Third, digital transformation is an inevitable trend that began before the pandemic but has been accelerated since.

Next, upgrading products need investment and enterprises should pay more attention to the experience, focusing on beautiful natural scenery. Destinations need new and emotional products to improve quality and provide customers with worthy services. At Sun Group’s properties in Danang, Lao Cai, and Phu Quoc, for example, every year there is at least one new project or product to attract visitors.

For the international market, it is also necessary to reorient the flow of customers to build products and services that are suitable for needs and tastes. In particular, it is necessary to abandon the theory that Vietnam is a cheap destination. Let’s orient Vietnam as a friendly tourist destination with quality experiences for tourists.
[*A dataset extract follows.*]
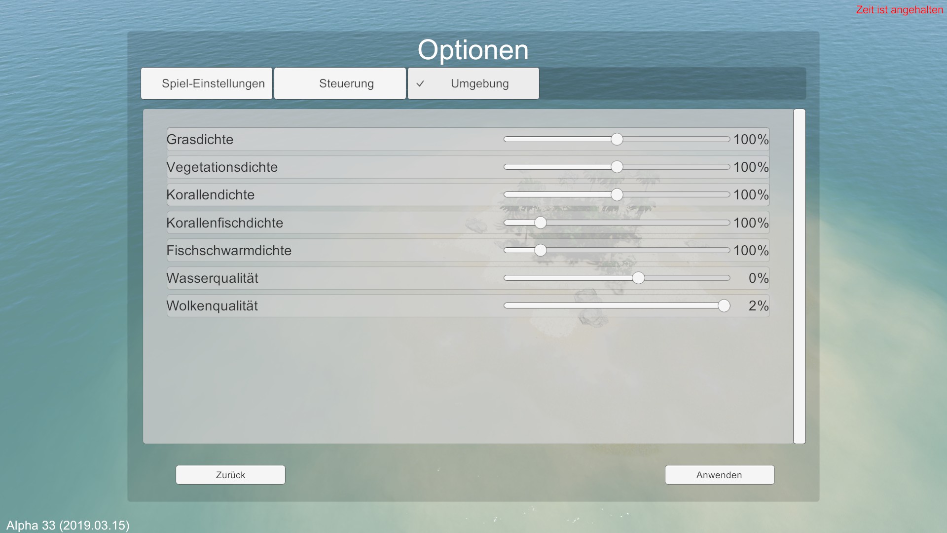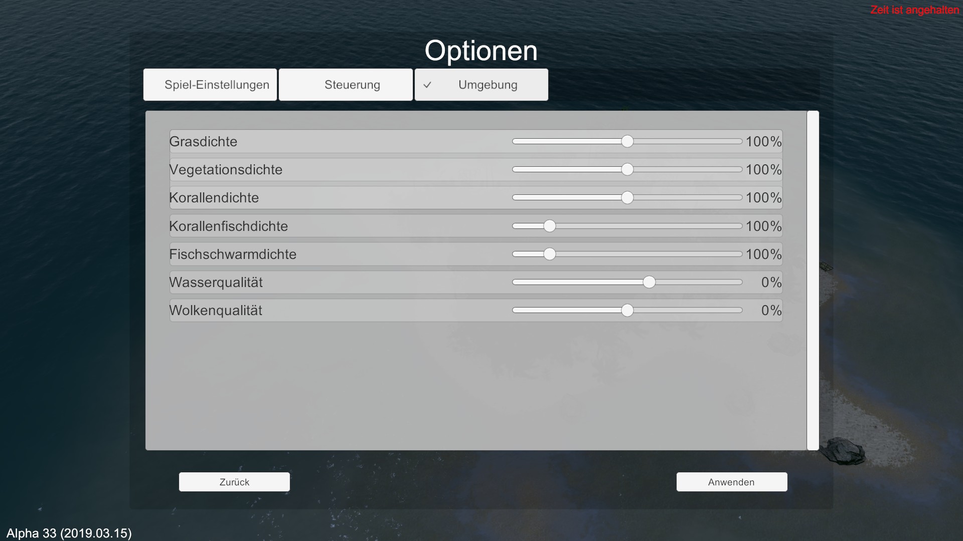 10. Hinzugefügt: Einstellung für Meereswasserqualität im Optionsmenü

When repositioning the tourism industry, we also need to enhance experience for visitors by linking aviation properly with tourism and hotels.

Nguyen Cong Hoan - General director, Flamingo Redtours

Towns and cities shape up for big tourist return

The pandemic has helped us have an accurate view of the limitations and strengths of the tourism industry and each business in particular, in order to make the appropriate adjustments.
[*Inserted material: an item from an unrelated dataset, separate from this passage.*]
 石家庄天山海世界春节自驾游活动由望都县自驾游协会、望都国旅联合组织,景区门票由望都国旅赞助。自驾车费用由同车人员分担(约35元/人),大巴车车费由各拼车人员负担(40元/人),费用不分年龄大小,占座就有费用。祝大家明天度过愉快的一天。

We must diversify the source of visitors and develop both outbound and inbound models in which the domestic market is very important. Customer needs are increasingly diverse and highly differentiated, so tour products need to be diversified and personalised for each object.

In addition, competitiveness cannot be general and there should be differences. The factor of quality and added value will be more important than the price only. We cannot expect the market to develop comprehensively as before, but a gradual recovery is needed.

I suggest that if the nature of the translation is the same between localities, the same criteria should be applied and no control gate is applied between those localities.

Furthermore, domestic regulatory agencies need to exchange and cooperate with international organisations to ensure recognition of COVID-19 green cards between countries.

Currently, children under 18 years of age have not yet been vaccinated against COVID-19, so it is necessary to have a mechanism and solution for this in terms of family travel. People who receive two injections still have to regularly test for COVID-19, and there may need to be measures to omit or reduce the frequency in order to avoid incurring costs and create comfort for visitors.